The reason a CSS change can cascade into an outage is that in a complex system there are all of these couplings that we don’t even know are there until we get stung by them.

One lesson you might take away from this story is “you should treat every proposed change like it could bring down the entire system”. But I think that’s the wrong lesson. The reason I think so is because of another constraint we all face: finite resources. Perhaps in a world where we always had an unlimited amount of time to make any changes, we could take this approach. But we don’t live in that world. We only have a fixed number of hours in a week, which means we need to budget our time. And so we make judgment calls on how much time we’re going to spend on manually validating a change based on how risky we perceive that change to be. When I review someone else’s pull request, for example, the amount of effort I spend on it is going to vary based on the nature of the change. For example, I’m going to look more closely at changes to database schemas than I am to changes in log messages.
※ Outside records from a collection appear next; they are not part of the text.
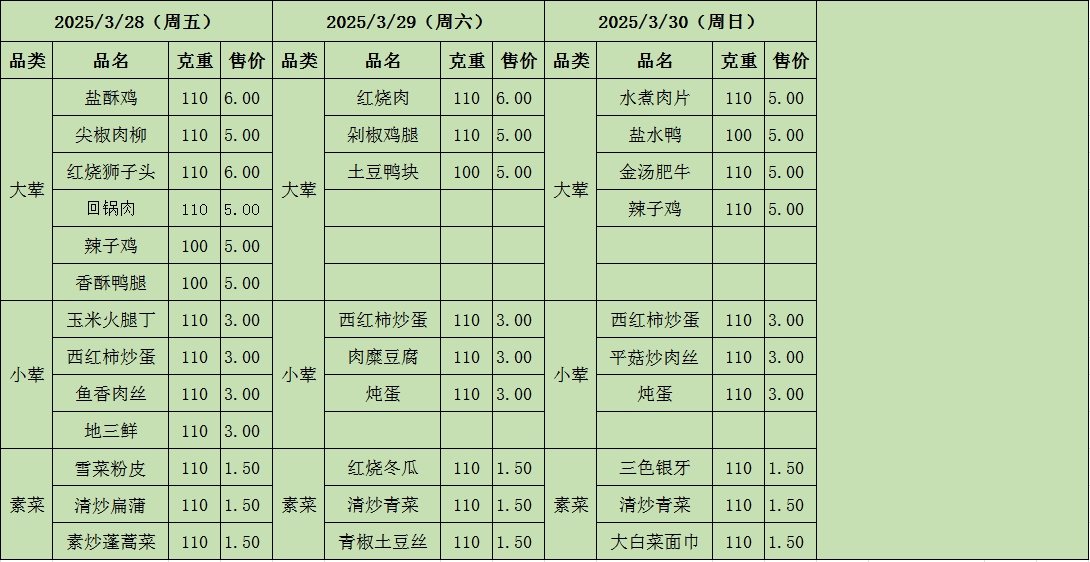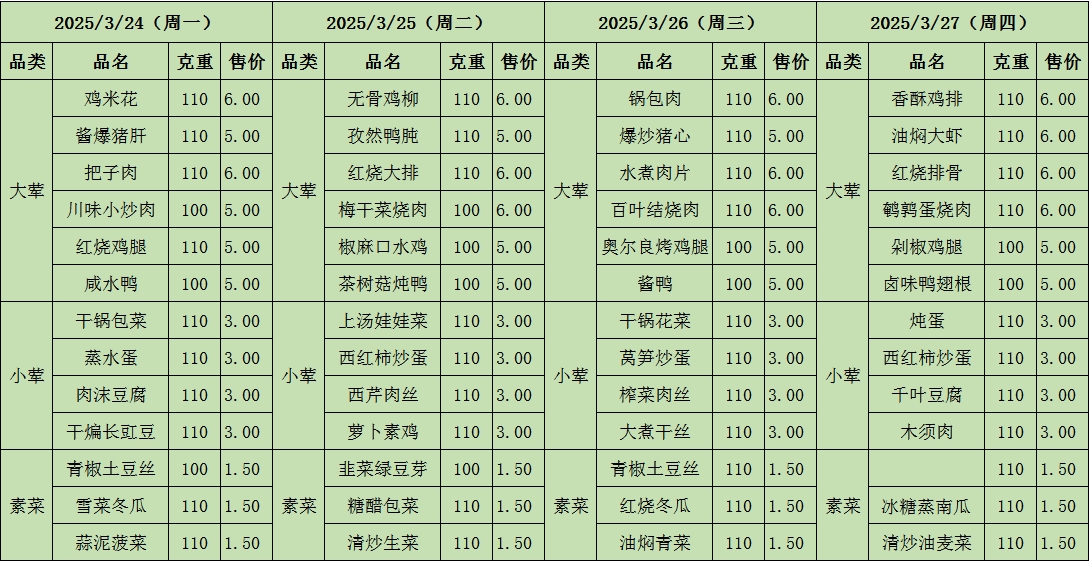 周菜单(2025年03月24日-2025年03月30日--教育园校区食堂)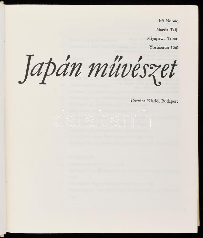 Ito Nobuo - Meada Taiji - Mijagawa Torao - Yoshizawa Chu: Japán művészet. Ford.: Halmy Ferenc. Bp., 1980, Corvina. Fekete-fehér és színes képekkel illusztrálva. Kiadói kartonált papírkötés.
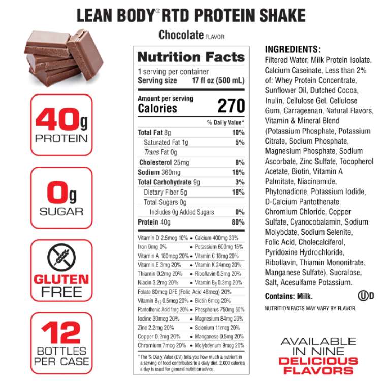 【最大1040円OFFクーポン有】リーンボディ プロテインシェイク チョコレート 500ml 12パック Labrada Lean Body 17oz Chocolate (12 tetra) プロテインドリンク 日本未発売 大容量 【お取り寄せ商品】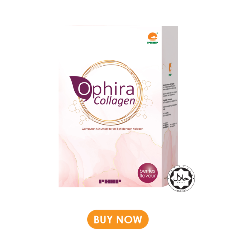 Kolagen dalam tubuh badan manusia mula berkurang pada usia 25 tahun. Kulit kita akan mula menunjukkan tanda-tanda penuaan. Kita tidak boleh menghentikan proses penuaan tetapi kita boleh mencari cara untuk melambatkan proses tersebut. Pengisian semula kolagen setiap hari melalui makanan yang kaya dengan kolagen dapat membantu untuk menyokong kulit yang berseri, rambut yang lembut dan menguatkan kuku dan sendi. PHHP Ophira Collagen diformulasikan daripada peptida kolagen ikan laut dan ianya mudah diserap oleh tubuh badan manusia. PHHP Ophira Collagen memberikan anda sokongan kecantikkan yang terbaik daripada dalaman hingga ke luar.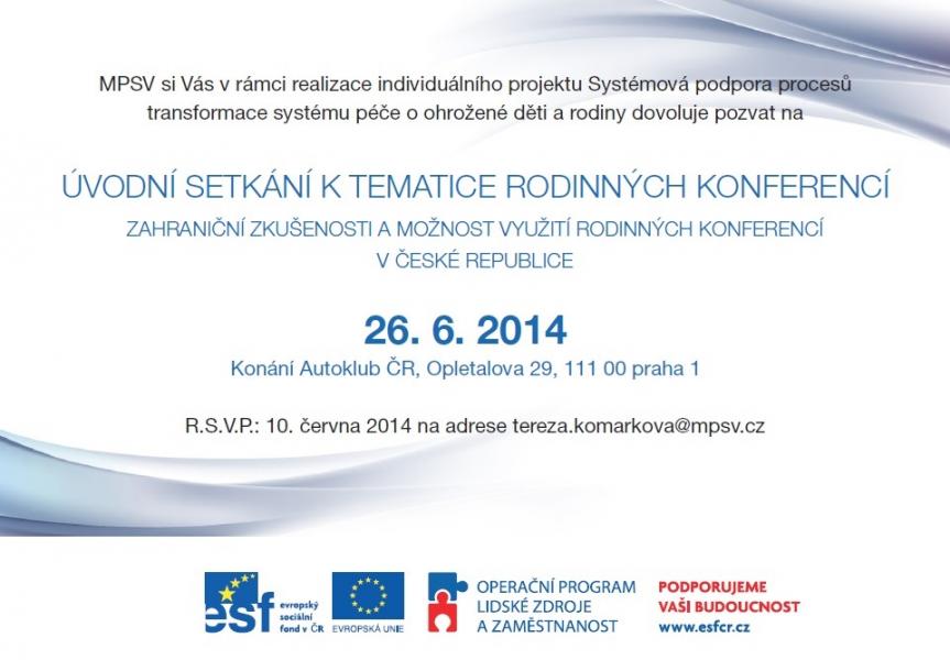 Úvodní setkání k tematice rodinných konferencí se uskuteční dne 26. června 2014 v Praze, v Autoklubu ČR, ul. Opletalova 29, od 10 do 16 hod. Účast na semináři není zpoplatněna a pro účastníky je zajištěno celodenní stravování. Pro část účastníků je možné z prostředků individuálního projektu zajistit rovněž ubytování v místě konání úvodního setkání.

But that means that we’re ultimately going to miss some of these CSS-change-breaks-the-site kinds of changes. It’s fundamentally inevitable that this is going to happen: it’s simply in the nature of complex systems. You can try to add process to force people to scrutinize every change with the same level of effort, but unless you remove schedule pressure, that’s not going to have the desired effect. People are going to make efficiency-thoroughness tradeoffs because they are held accountable for hitting their OKRs, and they can’t achieve those OKR if they put in the same amount of effort to evaluate every single production change.

Given that we can’t avoid such failures, the best we can do is to be ready to respond to them.

“Human error” means they don’t understand how the system worked

One of the services that the Amazon cloud provides is called S3, which is a data storage service. Imagine a hypothetical scenario where S3 had a major outage, and Amazon’s explanation of the outage was “a hard drive failed”.

Engineers wouldn’t believe this explanation. It’s not that they would doubt that a hard drive failed; we know that hard drives fail all of the time. In fact, it’s precisely because hard drives are prone to failure, and S3 stays up, that they wouldn’t accept this as an explanation. S3 has been architected to function correctly even in the face of individual hard drives failing. While a failed hard drive could certainly be a contributor to an outage, it can’t be the whole story. Otherwise, S3 would constantly be going down. To say “S3 went down because a hard drive failed” is to admit “I don’t know how S3 normally works when it experiences hard drive failures”.

We accept “human error” as the explanation for failures of reliable systems. Now, I’m a bit of an extremist when it comes to the idea of human error, I believe it simply doesn’t exist. But, let’s put that aside for now, and assume that human error is a real thing, and people make mistakes. The thing is, humans are constantly making mistakes. Every day, in every organization, there are many people that are making many mistakes. The people who work on systems that stay up most of the time are not some sort of hyper-vigilant super-humans that make fewer mistakes than the rest of us. Rather, these people are embedded within systems that have evolved over time to be resistant to these sorts of individual mistakes.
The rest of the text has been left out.